L’objectif est tellement positif que l’on pourrait craindre l’entreprise hasardeuse, dépensière, « éléphant blanc » d’une bien-pensance française qui engloutirait les quelque 10,4 milliards d’euros de son budget connu en 2017 dans des projets sombrés dans les sables de déserts. « En 2019, note la même fiche Wikipedia, l’AFD a financé et accompagné environ 4 000 projets, dans 115 pays et en outre-mer. Ses équipes sont basées à Paris, à Marseille et dans un réseau de 85 agences à travers le monde.
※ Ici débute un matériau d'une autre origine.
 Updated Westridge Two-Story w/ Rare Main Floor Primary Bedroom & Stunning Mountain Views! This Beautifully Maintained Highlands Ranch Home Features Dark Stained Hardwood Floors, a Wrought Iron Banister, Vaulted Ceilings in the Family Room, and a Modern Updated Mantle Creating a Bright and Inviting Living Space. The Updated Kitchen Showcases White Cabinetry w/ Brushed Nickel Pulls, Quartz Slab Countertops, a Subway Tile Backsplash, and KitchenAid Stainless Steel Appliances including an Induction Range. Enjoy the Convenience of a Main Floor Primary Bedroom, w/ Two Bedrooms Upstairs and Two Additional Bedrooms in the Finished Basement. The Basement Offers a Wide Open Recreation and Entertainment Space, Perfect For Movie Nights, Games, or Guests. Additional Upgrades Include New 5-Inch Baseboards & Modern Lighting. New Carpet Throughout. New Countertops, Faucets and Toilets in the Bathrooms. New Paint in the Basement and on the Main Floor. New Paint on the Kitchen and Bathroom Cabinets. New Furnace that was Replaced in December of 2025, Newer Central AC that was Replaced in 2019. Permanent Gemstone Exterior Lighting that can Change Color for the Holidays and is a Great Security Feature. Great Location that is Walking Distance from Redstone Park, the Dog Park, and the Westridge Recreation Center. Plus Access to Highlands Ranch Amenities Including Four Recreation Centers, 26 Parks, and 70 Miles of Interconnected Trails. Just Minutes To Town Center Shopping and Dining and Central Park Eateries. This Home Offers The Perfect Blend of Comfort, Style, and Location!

Environ 3 000 collaborateurs travaillent pour le groupe AFD. » Ses liens avec l’Armée, indéniables et voulus, ont de quoi plutôt rassurer le cadre sécuritaire de son action.
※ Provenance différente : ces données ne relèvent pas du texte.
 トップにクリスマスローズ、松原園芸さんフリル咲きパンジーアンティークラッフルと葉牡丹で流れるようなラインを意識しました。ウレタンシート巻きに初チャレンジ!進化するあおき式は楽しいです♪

Rémy Rioux en est à son 2e mandat à la tête de l’AFD

Cette Agence est dirigée par un homme qui ne défraie pas – assez – la chronique, Rémy Rioux, dont les ouvrages discrets constituent des trésors d’intelligence et de résultats : avec ses derniers livres, de Réconciliations (Débats publics, 2019) à L’économie africaine 2021 (La Découverte, 2021), on plonge dans une description d’un monde figé dans des idées reçues que l’Agence de Rémy Rioux contrebat : l’AFD contribue effectivement à transformer et à enrichir.

« J’ai été frappé de constater, en accueillant à la mi-novembre [2019] le sommet Finance en commun, qui a réuni pour la première fois 450 banques publiques de développement durable du monde, qu’un consensus très fort était possible dans cette enceinte – pourtant si vaste – sur les objectifs de développement durable, qu’il s’agisse du climat, de la biodiversité ou de nouveaux modèles économiques, ce nouveau consensus est un vrai modèle d’espoir », lance Rémi Rioux. L’analyse de ce regard français sur l’Afrique, mais comme sur les grandes puissances à l’œuvre, nous révèle une autre façon de décoder ce qui nous apparaît habituellement comme autant de guerres froides colossales et de continents voués à l’échec.

« Aujourd’hui, l’Afrique n’est pas encore la Chine ou l’Europe, mais elle a déjà le PIB et la population de l’Inde », nous assène/rappelle Rémy Rioux, pour qui « le monde d’après la pandémie peut paraître effrayant, mais, pour dépasser notre peur, il est essentiel de réfléchir au “monde d’après le monde d’après” à l’horizon 2050 ». Voir l’Afrique à travers la grille et l’action de l’AFD, c’est se projeter à cet horizon : « Lorsque l’AFD prête de l’argent à vingt ou trente ans, elle demande à ses clients de lui dire à quoi ressemblera leur pays en 2050. C’est dans ce monde de 2050 qu’elle investit. »

Moi qui appelais modestement de mon poste d’observateur un Emmanuel Macron à regarder les causes de la pandémie pour nous projeter dans la France de 2050 (mon édito du 2 février), je suis comblé, abasourdi, par cette vision de Rémy Rioux qui se doit de parler à l’oreille du Président. Et ce jeune Président qui n’a pas semble-t-il rogné les ressources d’une telle Agence devrait nous parler parfois de ce monde à venir. Nous avons besoin de nous projeter au-delà de la pandémie, de ses tâtonnements, de ses vaccins, de ses échecs. L’Agence française de développement devrait s’inviter sur les plateaux médiatiques et nous décrire sa vision d’un monde où l’objectif partagé de neutralité carbone en 2050 et 2060 de Joe Biden et Xi Jinping l’emporterait sur « les jeux funestes des puissances » que fustige le directeur de l’Agence.

Oui, nous avons besoin de telles visions que le patron de l’AFD nomme « la diplomatie des vivants ».